### Exercise details
Quote all of the data that follows exactly as written, skipping the images.

[Listed records — start]

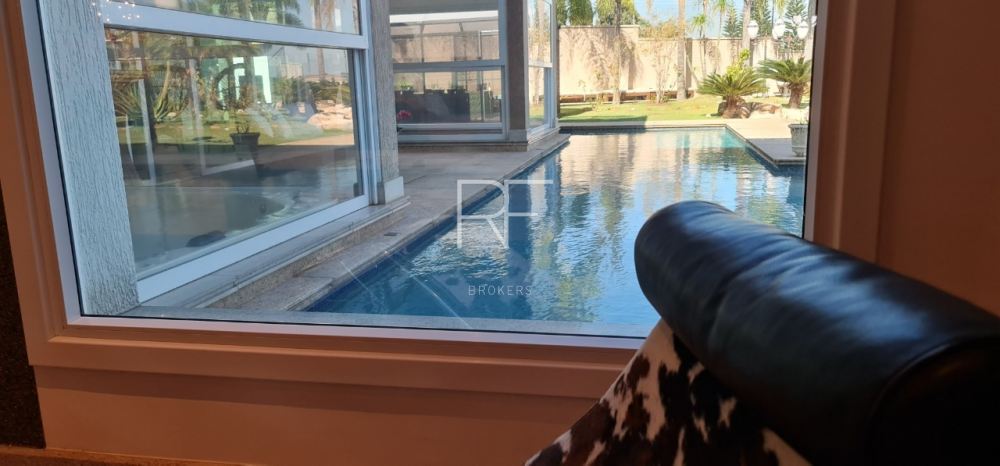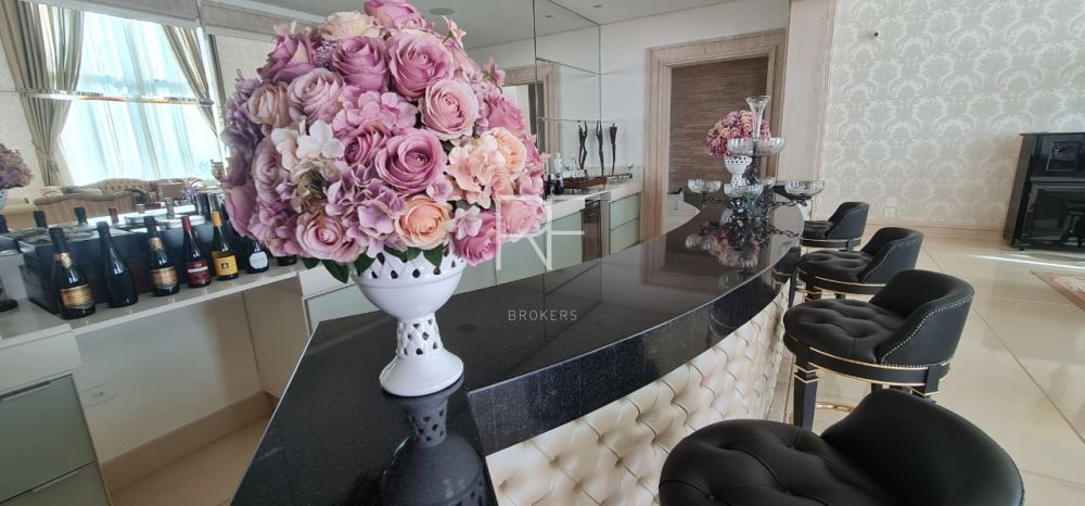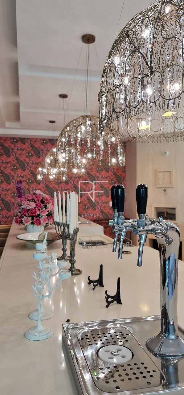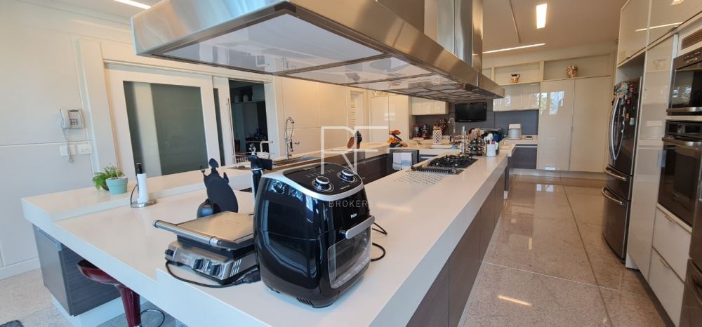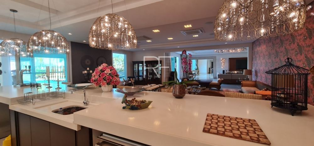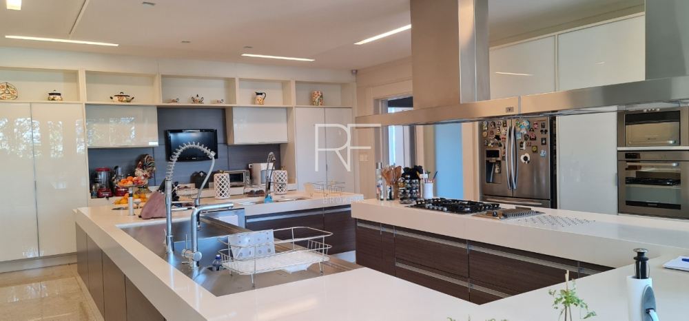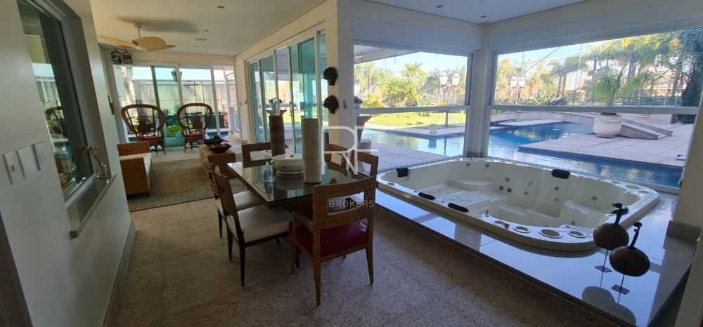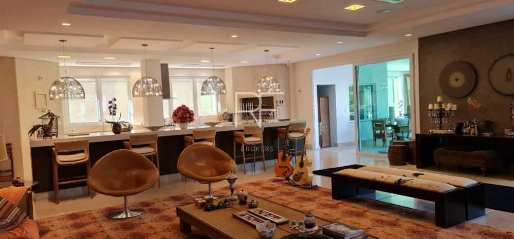 Living com pé direito duplo distribuído em dois ambientes, conectados com bar, sala para cristais com lareira, lavabo, escritório, sala de TV com 2 lavabos, sala de jantar ampla para 12 pessoas, copa para 12 pessoas, além do espaço gourmet para preparar sua pizza ou churrasco com amigos e familiares.
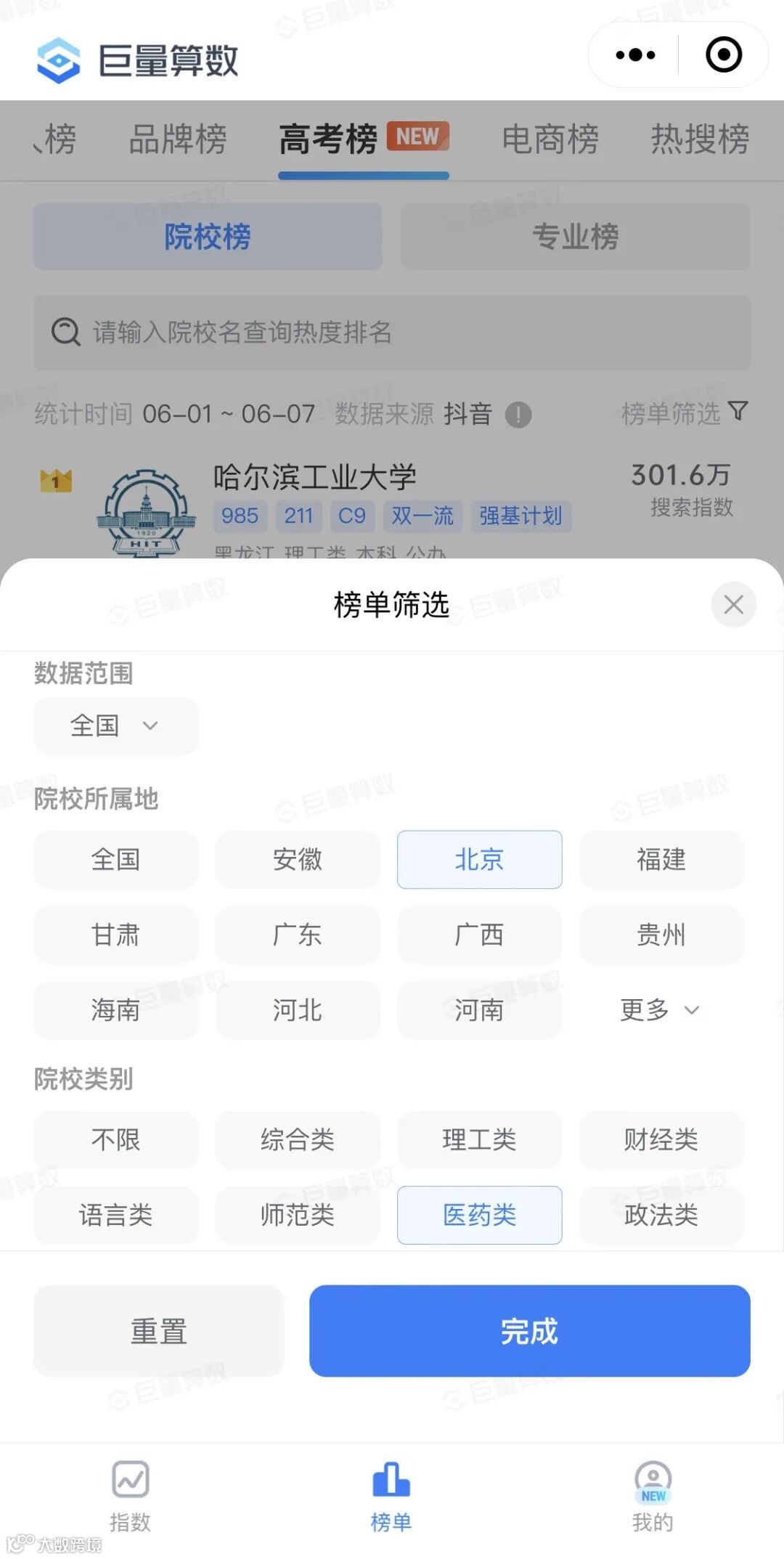 在上述三大平台,只需搜索“高考”即可进入「高考热搜榜单」专题页。在该专题页,用户可看到当前所在地区的“热门院校”、“热门专业”。用户在专题页搜索栏输入自己感兴趣的院校和专业名称,即可查看其热度排名;同时也可自行定制榜单筛选条件,按自己的兴趣选择数据范围、院校所在地、院校/专业类别等,全面了解相关院校、专业的热度。
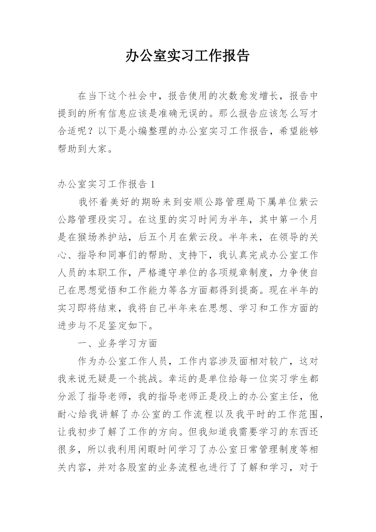 办公室实习工作报告在当下这个社会中,报告使用的次数愈发增长,报告中提到的所有信息应该是准确无误的。那么报告应该怎么写才合适呢?以下是小编整理的办公室实习工作报告,希望能够帮助到大家。办公室实习工作报告1我怀着美好的期盼来到安顺公路管理局下属单位紫云公路管理段实习。在这里的实习时间为半年,其中第一个月是在猴场养护站,后五个月在紫云段。半年来,在领导的关心、指导和同事们的帮助、支持下,我认真完成办公室工作人员的本职工作,严格遵守单位的各项规章制度,力争使自己在思想觉悟和工作能力等各方面都得到提高。现在半年的实
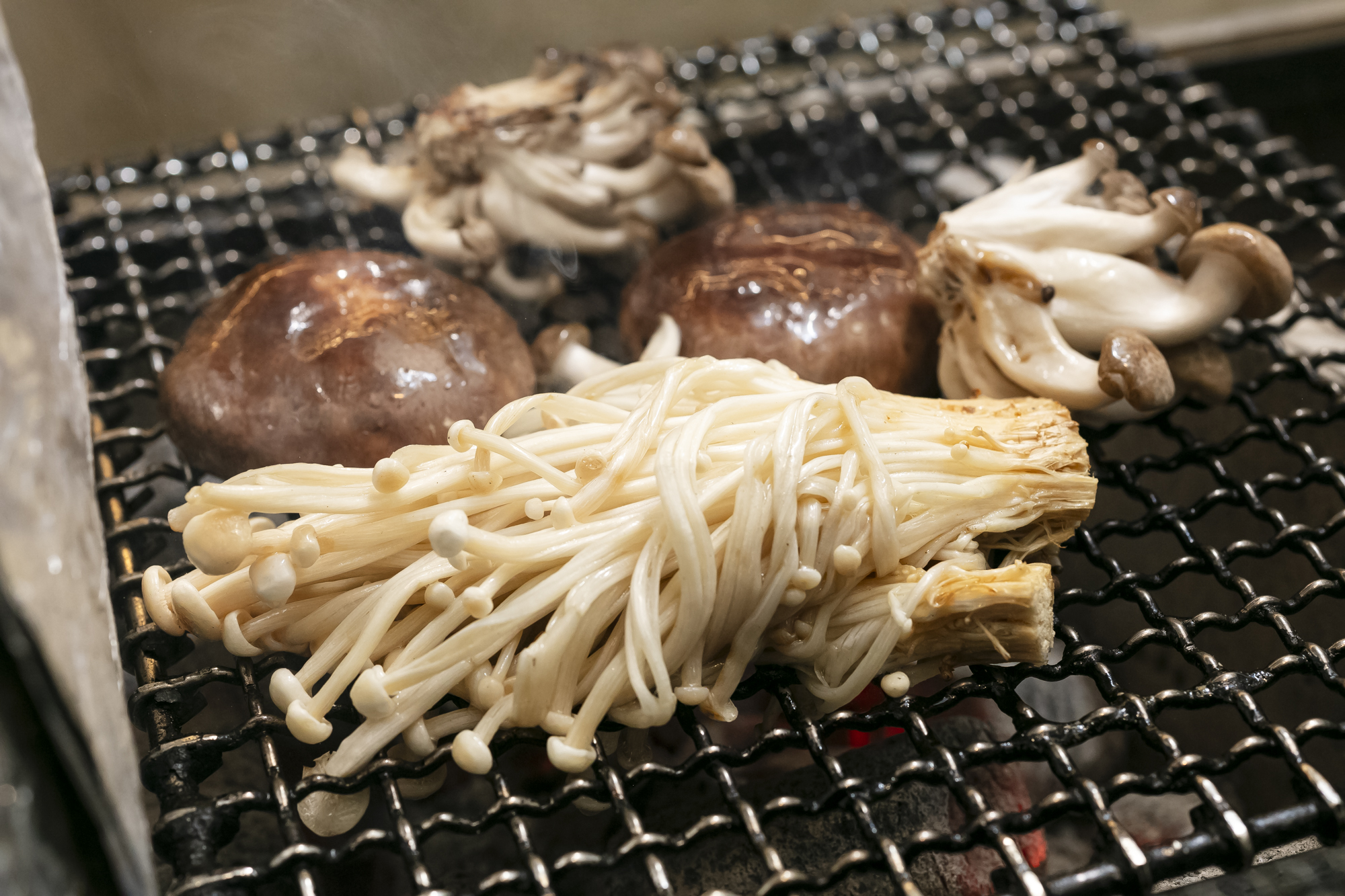 料理の旨味は、きのこが担う。しめじ、えのきなどを塊のまま、たっぷりの太白胡麻油を纏わせてから網を使い炭火で焼く。炭に油を落として立ち上る煙をきのこに纏わせて燻香をつけるのだ。きのこが乾かないように途中にも太白胡麻油を塗りながらじっくりと焼き上げる。すると「きのこの味に厚みが出て、炭の香りをつけることでボリューミーな、ご飯の主役素材になります」と荻野聡士さん。
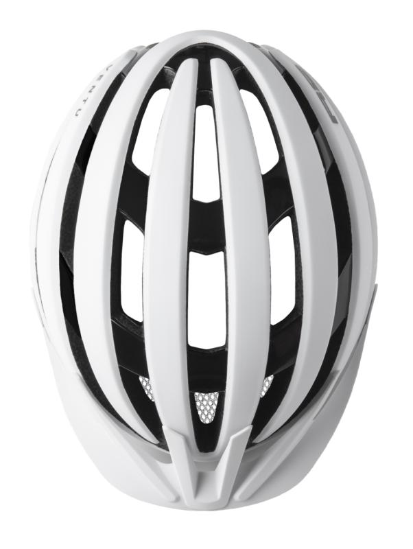 Design modelu VENTU je na první pohled inspirovaný špičkovými závodními přilbami. Vrcholné spojení aerodynamiky, revoluční ventilace a dokonalého pohodlí ocení zejména ti, kteří to myslí na kole vážně. Aerodynamicky efektivní tvar vylepšuje charakteristiky, jež mají zásadní vliv na proudění vzduchu kolem přilby. Precizně tvarovaný nízký profil přilby využívá Venturiho efekt, díky čemuž je maximalizovaný přívod vzduchu masivními ventilačními otvory do helmy a minimalizovaný aerodynamický odpor. Nasátý vzduch je vedený skrze přilbu a přispívá k vynikajícímu odvětrání vnitřní části přilby. Bez pohodlí to ale nejde, proto má VENTU plně nastavitelný ergonomický upínací systém, který se optimálně přizpůsobí tvaru a velikosti hlavy a zajistí komfortní a bezpečné usazení přilby na hlavě. Ultra lehká váha přilby je stěžejním parametrem, který obstojí v konkurenci na vysoké úrovni. S touto přilbou budeme prořezávat vzduch ještě trochu rychleji, než jste zvyklí. Jeď svůj závod, RIDE YOUR RACE.
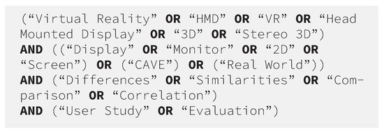 - The abstracts of each record were screened according to the following selection and deselection criteria: All articles related to the IVT we defined were selected (see Section 2.2 for definitions). If any of the research articles used augmented reality (AR) instead of VR, it was rejected. If an article compared both VR and AR, it was not rejected. It is also a balancing act to make the search query as broad as possible and as narrow as necessary. As a result, many articles were found that made a comparison with an HMD VR environment and not with another IVT. These articles were also rejected. If something other than the above IVT was compared, it would also be rejected. Languages other than English were rejected. Articles that did not adequately document their research or explain the reasoning behind their conclusions were rejected based on the “unsound methods” rejection criterion.
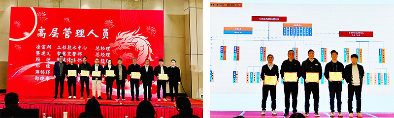 中场休息后,会议发布了2024年度公司组织架构,及对新任命的中高层领导举行了聘任典礼。

[Listed records — finish]

### Exercise solution
 Living com pé direito duplo distribuído em dois ambientes, conectados com bar, sala para cristais com lareira, lavabo, escritório, sala de TV com 2 lavabos, sala de jantar ampla para 12 pessoas, copa para 12 pessoas, além do espaço gourmet para preparar sua pizza ou churrasco com amigos e familiares.
 在上述三大平台,只需搜索“高考”即可进入「高考热搜榜单」专题页。在该专题页,用户可看到当前所在地区的“热门院校”、“热门专业”。用户在专题页搜索栏输入自己感兴趣的院校和专业名称,即可查看其热度排名;同时也可自行定制榜单筛选条件,按自己的兴趣选择数据范围、院校所在地、院校/专业类别等,全面了解相关院校、专业的热度。
 办公室实习工作报告在当下这个社会中,报告使用的次数愈发增长,报告中提到的所有信息应该是准确无误的。那么报告应该怎么写才合适呢?以下是小编整理的办公室实习工作报告,希望能够帮助到大家。办公室实习工作报告1我怀着美好的期盼来到安顺公路管理局下属单位紫云公路管理段实习。在这里的实习时间为半年,其中第一个月是在猴场养护站,后五个月在紫云段。半年来,在领导的关心、指导和同事们的帮助、支持下,我认真完成办公室工作人员的本职工作,严格遵守单位的各项规章制度,力争使自己在思想觉悟和工作能力等各方面都得到提高。现在半年的实
 料理の旨味は、きのこが担う。しめじ、えのきなどを塊のまま、たっぷりの太白胡麻油を纏わせてから網を使い炭火で焼く。炭に油を落として立ち上る煙をきのこに纏わせて燻香をつけるのだ。きのこが乾かないように途中にも太白胡麻油を塗りながらじっくりと焼き上げる。すると「きのこの味に厚みが出て、炭の香りをつけることでボリューミーな、ご飯の主役素材になります」と荻野聡士さん。
 Design modelu VENTU je na první pohled inspirovaný špičkovými závodními přilbami. Vrcholné spojení aerodynamiky, revoluční ventilace a dokonalého pohodlí ocení zejména ti, kteří to myslí na kole vážně. Aerodynamicky efektivní tvar vylepšuje charakteristiky, jež mají zásadní vliv na proudění vzduchu kolem přilby. Precizně tvarovaný nízký profil přilby využívá Venturiho efekt, díky čemuž je maximalizovaný přívod vzduchu masivními ventilačními otvory do helmy a minimalizovaný aerodynamický odpor. Nasátý vzduch je vedený skrze přilbu a přispívá k vynikajícímu odvětrání vnitřní části přilby. Bez pohodlí to ale nejde, proto má VENTU plně nastavitelný ergonomický upínací systém, který se optimálně přizpůsobí tvaru a velikosti hlavy a zajistí komfortní a bezpečné usazení přilby na hlavě. Ultra lehká váha přilby je stěžejním parametrem, který obstojí v konkurenci na vysoké úrovni. S touto přilbou budeme prořezávat vzduch ještě trochu rychleji, než jste zvyklí. Jeď svůj závod, RIDE YOUR RACE.
 - The abstracts of each record were screened according to the following selection and deselection criteria: All articles related to the IVT we defined were selected (see Section 2.2 for definitions). If any of the research articles used augmented reality (AR) instead of VR, it was rejected. If an article compared both VR and AR, it was not rejected. It is also a balancing act to make the search query as broad as possible and as narrow as necessary. As a result, many articles were found that made a comparison with an HMD VR environment and not with another IVT. These articles were also rejected. If something other than the above IVT was compared, it would also be rejected. Languages other than English were rejected. Articles that did not adequately document their research or explain the reasoning behind their conclusions were rejected based on the “unsound methods” rejection criterion.
 中场休息后,会议发布了2024年度公司组织架构,及对新任命的中高层领导举行了聘任典礼。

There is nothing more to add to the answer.